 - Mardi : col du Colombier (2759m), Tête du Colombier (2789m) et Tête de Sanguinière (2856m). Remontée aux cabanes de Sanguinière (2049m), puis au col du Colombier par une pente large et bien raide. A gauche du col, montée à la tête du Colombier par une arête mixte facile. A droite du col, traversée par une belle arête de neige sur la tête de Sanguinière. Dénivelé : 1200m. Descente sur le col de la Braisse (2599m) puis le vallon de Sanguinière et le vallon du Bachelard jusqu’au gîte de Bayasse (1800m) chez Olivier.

* * * *

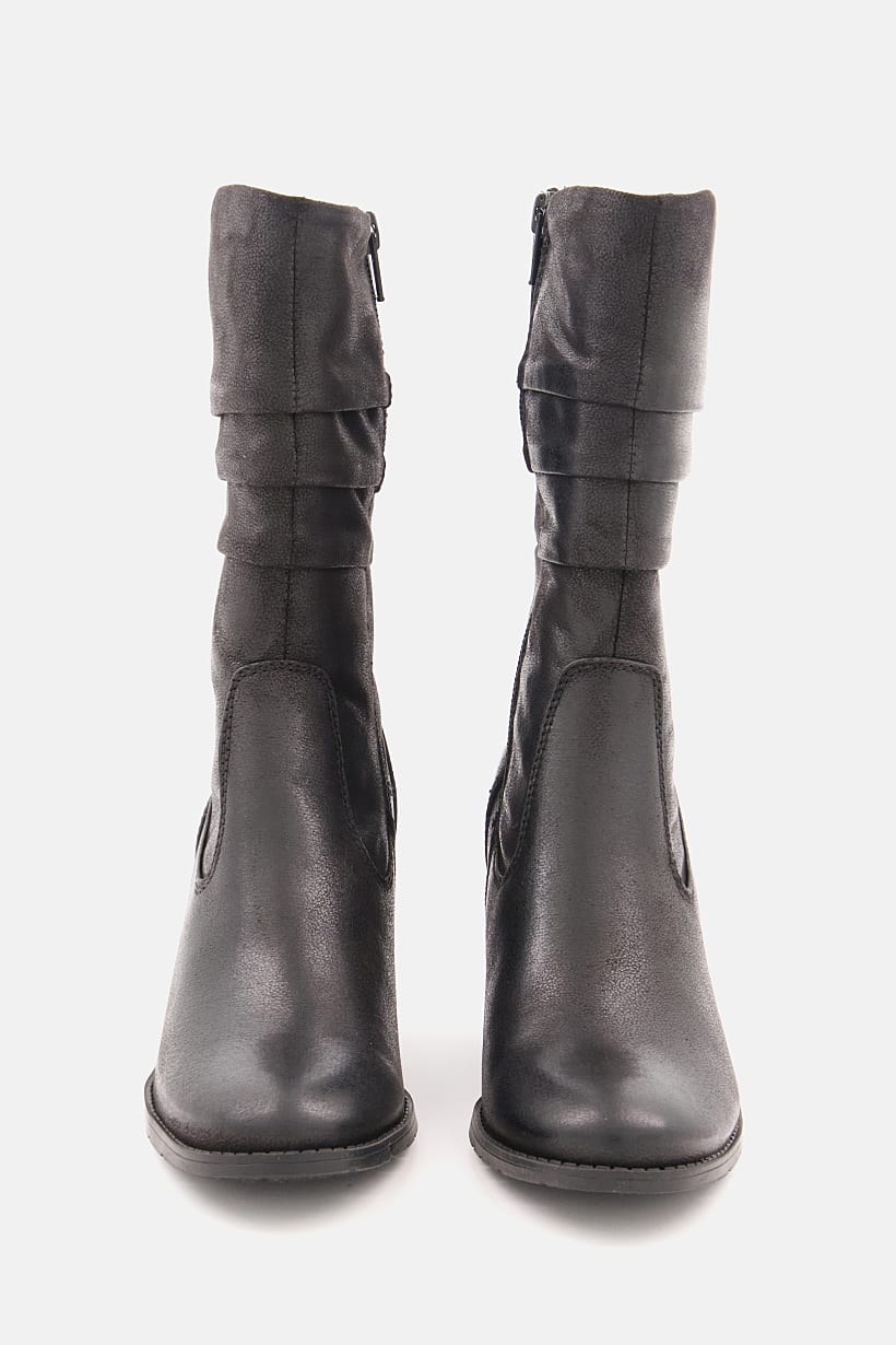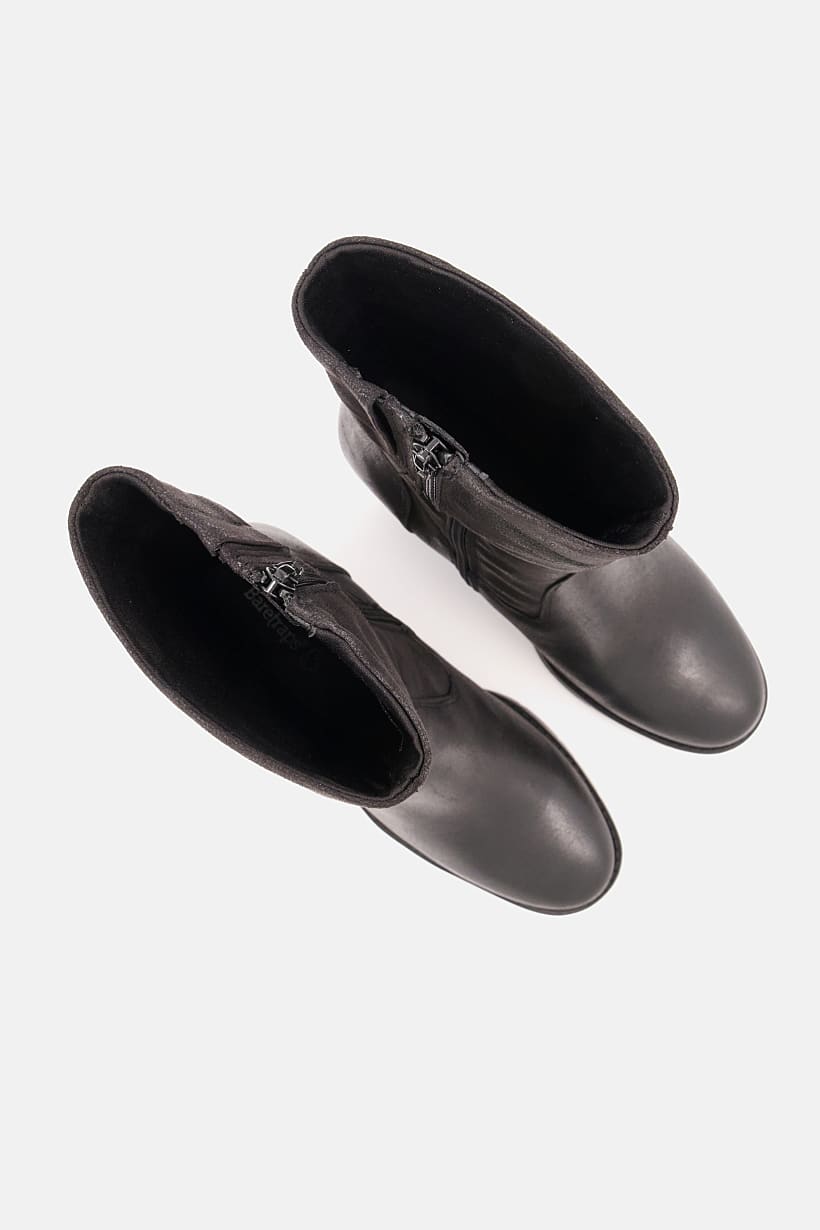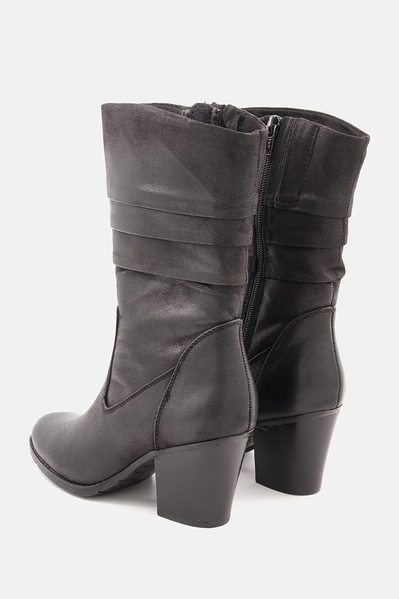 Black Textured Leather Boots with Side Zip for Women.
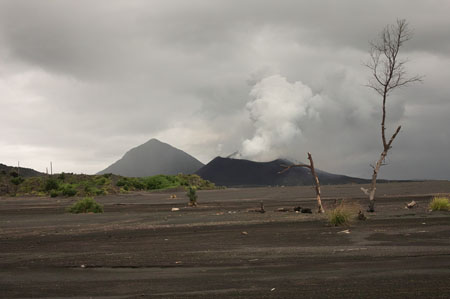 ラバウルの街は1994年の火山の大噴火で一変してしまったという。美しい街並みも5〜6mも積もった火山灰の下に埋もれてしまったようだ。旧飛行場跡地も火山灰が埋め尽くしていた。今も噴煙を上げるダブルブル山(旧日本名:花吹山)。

* * * *

• [Brief] Look above for the line with "Black Textured Leather", then print it and each line after it down to and including the line with "ラバウルの街は1994年の火". Leave out the pictures and keep the wording exact.

• [Finished exercise]
 Black Textured Leather Boots with Side Zip for Women.
 ラバウルの街は1994年の火山の大噴火で一変してしまったという。美しい街並みも5〜6mも積もった火山灰の下に埋もれてしまったようだ。旧飛行場跡地も火山灰が埋め尽くしていた。今も噴煙を上げるダブルブル山(旧日本名:花吹山)。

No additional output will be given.